Roguing Thieves is a previously unpublished Fortune’s Fools story by E.M. Swift-Hook.
It was another cycle before Dekker made good on his offer. A cycle during which Pan kept herself focused on being what they wanted her to be. She realised that the pirates were not so very different from the freetraders they prayed upon. They lurched from payday to payday making enough to get by and always dreaming of the big one that would let them retire. But unlike most freetraders they didn’t mind killing to get there.
By half way through that second cycle, she was no longer watched by human eyes at least, but she did nothing untoward.
The upgrades on the interceptor were as good as she could get them and the burnt planet hopper had been repaired to space worthy status. Most ships were worth next to nothing to these pirates. Handling stolen vessels was a highly skilled trade. But Pan had been able to peel off this ship’s command ID and fit a masking one. It would need a specialist to finish the work, but Dekker was delighted as it meant they could sell it on for a better price than usual.
When he returned from doing so he was in such a good mood that he clapped Tolin and herself hard on the back.
“Go and have fun, children. Find us something worth hunting.”
Pan hadn’t realised it before, but she was beginning to feel at home in FTL space. It was safe. Nothing could reach into the womb of the ship to threaten her. Not even link communications could disturb her until they dropped out into the traffic stream of their destination world. And when they did, the first communication was from Jennay updating her with family news. Kiona was nearing the end of her time in education and looking to use her qualification in social-neurocology to make a career in public relations. The twins were reviewing their options whether or not to go into higher education and Jennay and her wife were expecting a baby. That last was the one thing that brought a genuine smile to Pan’s face. Having raised four children already, she was very sure Jennay would make a wonderful mother for a child of her own.

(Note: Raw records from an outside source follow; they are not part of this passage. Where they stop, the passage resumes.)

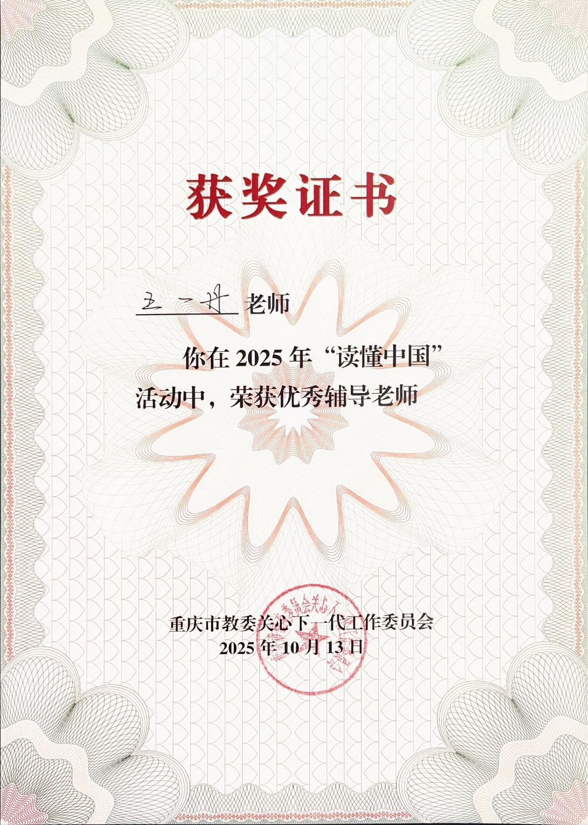 近日,重庆市教委关心下一代工作委员会公布了2025年“读懂中国”活动获奖作品名单。在学校关工委的悉心指导与学院的大力支持下,国际关系学院学子积极参与并斩获佳绩。高博之同学的征文作品《一棵树,摇动另一棵树——记康清莲教授的师者之路》荣获2025年“读懂中国”活动征文三等奖,王一丹老师荣获优秀辅导老师奖。
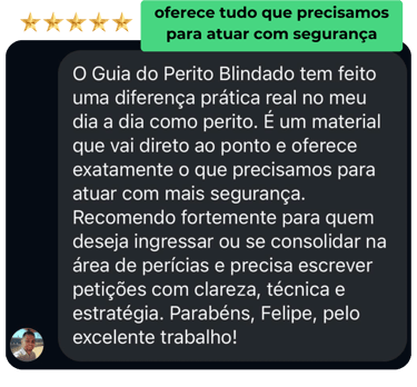 É por isso que o Guia do perito blindado vai te ajudar a criar petições impecáveis, sem atrasos ou bloqueios, em poucos minutos!
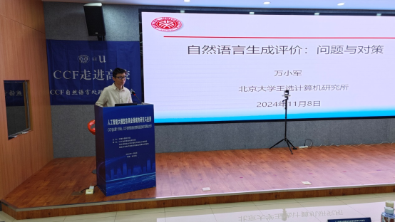 CCF自然语言处理专委会副主任、北京大学万小军教授作了题为《自然语言生成评价:问题与挑战》的精彩报告。报告剖析了自动评价和人工评价两类评价方法面临的若干问题和挑战,同时介绍了大模型在文本质量评价方面的潜力和可行性,以及其团队针对NLG评价所取得的部分研究进展。
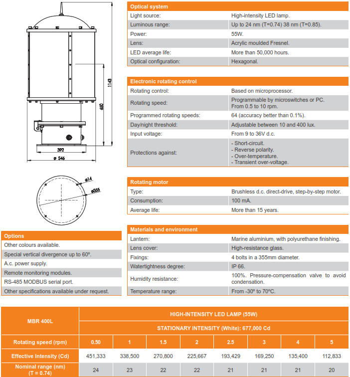 The MBR 400L is a long-range rotating beacon, fitted with highintensity

She had been sitting at the small table in the social area, eating a quick meal from the synth as she watched the message and glanced up as Tolin joined her.
“Good news?”
She shrugged and cancelled the screen, suddenly unwilling to share those she cared most about any longer with this man. A man with whom she was so intimate and yet had always been a total stranger. “Just family stuff.”
“You’re lucky to have them.”
He had told her he had no family. That he had inherited his ship from his grandfather, his father having vanished before he was born and his mother having died when he was young. But now Pan wasn’t sure any of that was true. It might well have been made up for her consumption. She no longer cared if it was or not.
“So what’s the plan?” she asked, to move the topic on.
“We do what we always did. Trade some ourselves, chat to the freetraders find out who is going where with what and when, and pass it on to Dek. He’ll maybe pick up one in eight of those we offer, but that’s his call. None of our business.” Tolin smiled and reached over the table to squeeze her hand.
A sudden wave of nausea choked in her throat and she pulled her hand sharply away, covering by faking a coughing fit. It worked that time, but she knew it wasn’t going to fool Tolin for long. He had already wondered why she was avoiding sex and she was running out of excuses.
She had to get away.
But that was easier said than done.
She could go to the CSF and tell them her story. If she was willing to give evidence against Dekker and his crew she might get off lightly herself. Maybe even completely. The problem was, just as she couldn’t send a hapless freetrader to certain doom, she couldn’t bring herself to do the same to Tolin and the others. She might despise them and want to stop them, but it was more than her conscience could bear to have their blood on her hands.
To have anyone’s blood on her hands.
Except if she didn’t stop them, the blood of every freetrader they ever ambushed would be. Ongoing.
It was an impossible dilemma and she resolved it by focusing on the most important first step: she had to get away.
If she didn’t then sooner or later she was going to betray herself and she had little doubt from what she had seen in Dekker’s eyes what that would mean. After she was free, she could think about the second part.